▸ WHAT IS EXPECTED: Set the data down once more, exactly as it is written.

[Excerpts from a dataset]
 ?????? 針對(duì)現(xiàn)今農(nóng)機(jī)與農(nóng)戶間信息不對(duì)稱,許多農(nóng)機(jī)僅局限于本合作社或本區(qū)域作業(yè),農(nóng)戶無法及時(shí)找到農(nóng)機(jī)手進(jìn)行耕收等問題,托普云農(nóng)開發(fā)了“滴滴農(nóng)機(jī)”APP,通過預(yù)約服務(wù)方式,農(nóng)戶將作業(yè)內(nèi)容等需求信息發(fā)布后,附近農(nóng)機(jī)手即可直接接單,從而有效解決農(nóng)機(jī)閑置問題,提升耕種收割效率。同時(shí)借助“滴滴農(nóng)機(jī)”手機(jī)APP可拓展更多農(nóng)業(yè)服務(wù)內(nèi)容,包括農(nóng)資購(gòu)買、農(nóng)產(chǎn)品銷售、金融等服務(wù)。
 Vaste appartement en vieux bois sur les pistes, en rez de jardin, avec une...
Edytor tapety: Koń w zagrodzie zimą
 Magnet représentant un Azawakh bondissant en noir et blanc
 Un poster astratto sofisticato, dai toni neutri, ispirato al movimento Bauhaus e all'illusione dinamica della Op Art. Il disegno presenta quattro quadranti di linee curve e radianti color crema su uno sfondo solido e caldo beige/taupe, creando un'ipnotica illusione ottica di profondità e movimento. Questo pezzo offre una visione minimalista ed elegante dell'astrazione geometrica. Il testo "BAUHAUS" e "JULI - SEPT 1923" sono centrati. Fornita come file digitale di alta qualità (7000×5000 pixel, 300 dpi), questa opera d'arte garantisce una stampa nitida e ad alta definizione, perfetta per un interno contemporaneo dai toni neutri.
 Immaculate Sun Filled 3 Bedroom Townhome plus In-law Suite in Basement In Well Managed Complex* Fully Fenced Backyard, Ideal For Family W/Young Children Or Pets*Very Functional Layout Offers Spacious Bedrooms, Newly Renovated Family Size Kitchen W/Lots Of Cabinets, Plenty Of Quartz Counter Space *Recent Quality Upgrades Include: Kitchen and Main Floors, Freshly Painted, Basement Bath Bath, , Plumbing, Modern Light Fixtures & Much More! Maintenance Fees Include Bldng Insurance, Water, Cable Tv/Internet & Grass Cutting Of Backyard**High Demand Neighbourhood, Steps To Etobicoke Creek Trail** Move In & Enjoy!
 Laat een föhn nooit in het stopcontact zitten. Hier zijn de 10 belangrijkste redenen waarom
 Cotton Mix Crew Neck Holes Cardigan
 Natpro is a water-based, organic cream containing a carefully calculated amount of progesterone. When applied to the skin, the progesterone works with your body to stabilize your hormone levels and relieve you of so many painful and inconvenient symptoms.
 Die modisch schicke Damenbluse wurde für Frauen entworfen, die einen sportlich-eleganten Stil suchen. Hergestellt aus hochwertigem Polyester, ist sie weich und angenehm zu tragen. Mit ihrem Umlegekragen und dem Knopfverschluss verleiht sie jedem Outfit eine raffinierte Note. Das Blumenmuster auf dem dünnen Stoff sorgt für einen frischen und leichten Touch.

▸ OUTPUT BELOW:
 ?????? 針對(duì)現(xiàn)今農(nóng)機(jī)與農(nóng)戶間信息不對(duì)稱,許多農(nóng)機(jī)僅局限于本合作社或本區(qū)域作業(yè),農(nóng)戶無法及時(shí)找到農(nóng)機(jī)手進(jìn)行耕收等問題,托普云農(nóng)開發(fā)了“滴滴農(nóng)機(jī)”APP,通過預(yù)約服務(wù)方式,農(nóng)戶將作業(yè)內(nèi)容等需求信息發(fā)布后,附近農(nóng)機(jī)手即可直接接單,從而有效解決農(nóng)機(jī)閑置問題,提升耕種收割效率。同時(shí)借助“滴滴農(nóng)機(jī)”手機(jī)APP可拓展更多農(nóng)業(yè)服務(wù)內(nèi)容,包括農(nóng)資購(gòu)買、農(nóng)產(chǎn)品銷售、金融等服務(wù)。
 Vaste appartement en vieux bois sur les pistes, en rez de jardin, avec une...
Edytor tapety: Koń w zagrodzie zimą
 Magnet représentant un Azawakh bondissant en noir et blanc
 Un poster astratto sofisticato, dai toni neutri, ispirato al movimento Bauhaus e all'illusione dinamica della Op Art. Il disegno presenta quattro quadranti di linee curve e radianti color crema su uno sfondo solido e caldo beige/taupe, creando un'ipnotica illusione ottica di profondità e movimento. Questo pezzo offre una visione minimalista ed elegante dell'astrazione geometrica. Il testo "BAUHAUS" e "JULI - SEPT 1923" sono centrati. Fornita come file digitale di alta qualità (7000×5000 pixel, 300 dpi), questa opera d'arte garantisce una stampa nitida e ad alta definizione, perfetta per un interno contemporaneo dai toni neutri.
 Immaculate Sun Filled 3 Bedroom Townhome plus In-law Suite in Basement In Well Managed Complex* Fully Fenced Backyard, Ideal For Family W/Young Children Or Pets*Very Functional Layout Offers Spacious Bedrooms, Newly Renovated Family Size Kitchen W/Lots Of Cabinets, Plenty Of Quartz Counter Space *Recent Quality Upgrades Include: Kitchen and Main Floors, Freshly Painted, Basement Bath Bath, , Plumbing, Modern Light Fixtures & Much More! Maintenance Fees Include Bldng Insurance, Water, Cable Tv/Internet & Grass Cutting Of Backyard**High Demand Neighbourhood, Steps To Etobicoke Creek Trail** Move In & Enjoy!
 Laat een föhn nooit in het stopcontact zitten. Hier zijn de 10 belangrijkste redenen waarom
 Cotton Mix Crew Neck Holes Cardigan
 Natpro is a water-based, organic cream containing a carefully calculated amount of progesterone. When applied to the skin, the progesterone works with your body to stabilize your hormone levels and relieve you of so many painful and inconvenient symptoms.
 Die modisch schicke Damenbluse wurde für Frauen entworfen, die einen sportlich-eleganten Stil suchen. Hergestellt aus hochwertigem Polyester, ist sie weich und angenehm zu tragen. Mit ihrem Umlegekragen und dem Knopfverschluss verleiht sie jedem Outfit eine raffinierte Note. Das Blumenmuster auf dem dünnen Stoff sorgt für einen frischen und leichten Touch.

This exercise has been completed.